If there's a message to this book, it's something along the lines of: everyone is stupid, ridiculous and chronically infantilised - and society is falling apart because of it.

The action takes place in the near-future, as England prepares to vote on independence from the UK. Brexit has sort-of-but-not-fully happened - Britain is currently "half in and half out" of the EU.

A shadowy group called England Out is pushing for Leave, as are three bluff Old Etonian types: Bunter Jolly, Guppy Toad and Plantaganet Greased-Hogg. The pro-Union government stumbles from one crisis to the next, their main problem being that they don't know what Britain stands for anymore, or what they stand for: constantly second-guessing voters and themselves, they slavishly following any lame-brained marketing wheeze.

Meanwhile, detective Mick Matlock is investigating the murder of a woman in London called Sammy Hill, who it transpires was born a man. Mick is a decent, smart fella, a bit old-school, and runs into a firestorm of controversy for daring to suggest that women be careful and avoid walking home alone: this apparently is "victim-blaming".

Police management are more concerned with "managing the story" than catching the killer. The pathologist prissily insists that Mick - casual first names only in the workplace - gives Sammy "zir" due pronouns.

More killings follow: a Germaine Greer-esque feminist, a #MeToo-inspired historian, Christian B&B owners who refused accommodation to a gay couple. And more controversies ensue: reality TV show Love Island runs into trouble over "heteronormativity", veteran actor Rodney Taylor is accused of inappropriate behaviour with young women.

The public reacts, and reacts to the reaction; tempers fray, people lose all perspective and Britain slowly slides off the axis of sanity and reason. Everyone's a victim, everyone is oppressed, everyone has a more valid reason to feel aggrieved than the other crowd.

In the background, much of this tribal pugnaciousness is being stoked up by Communication Sandwich, an annoyingly hip and decidedly dodgy company run by posh bad-boy Julian and mathematically engineered by gifted Malika, a second-generation Pakistani.

It's all a big mess, a helter-skelter whirl of politics, skulduggery, power and really profound stupidity.

Identity Crisis is frequently funny, though the comedy is often very broad.

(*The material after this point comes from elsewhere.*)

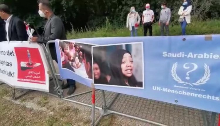 ونددت الوقفة الاحتجاجية التي نُفذت، السبت، أمام مبنى السفارة السعودية في برلين، باستمرار حرب التحالف وحصار الجائرين على اليمن، وتفاقم تداعياتهما الانسانية الكارثية على اليمنيين.

In one way, that's understandable, and indeed somewhat beyond Elton's control: elements of identity politics have become so ludicrous that they are now, as the saying goes, beyond parody.

For instance, one character begins a campaign to bring charges of sexual assault against Samuel Pepys, the famous diarist of Old London who died in 1703. At first this seems like classic satire, taking something to its logical (or illogical) conclusion; but in an era when ideologues are determinedly rewriting large chunks of history, and insisting on controlling not only how people speak but even how they think, it feels - rather disturbingly - closer to a warning than cheery exaggeration to take the mickey.

A slightly larger problem is the fact that, plot-wise, the book peters out towards the end. It's wrapped up very quickly, as though Elton had been told he had X-amount of words left in which to end the tale.

Again, though, this is in some ways beyond the author's control: you need to establish this OTT, cartoonish universe for satirical reasons, but it's then tricky to keep it all under control narratively. Some of the story doesn't make much sense, but maybe that's the whole point - in the real world, identity-politics nonsense doesn't always either.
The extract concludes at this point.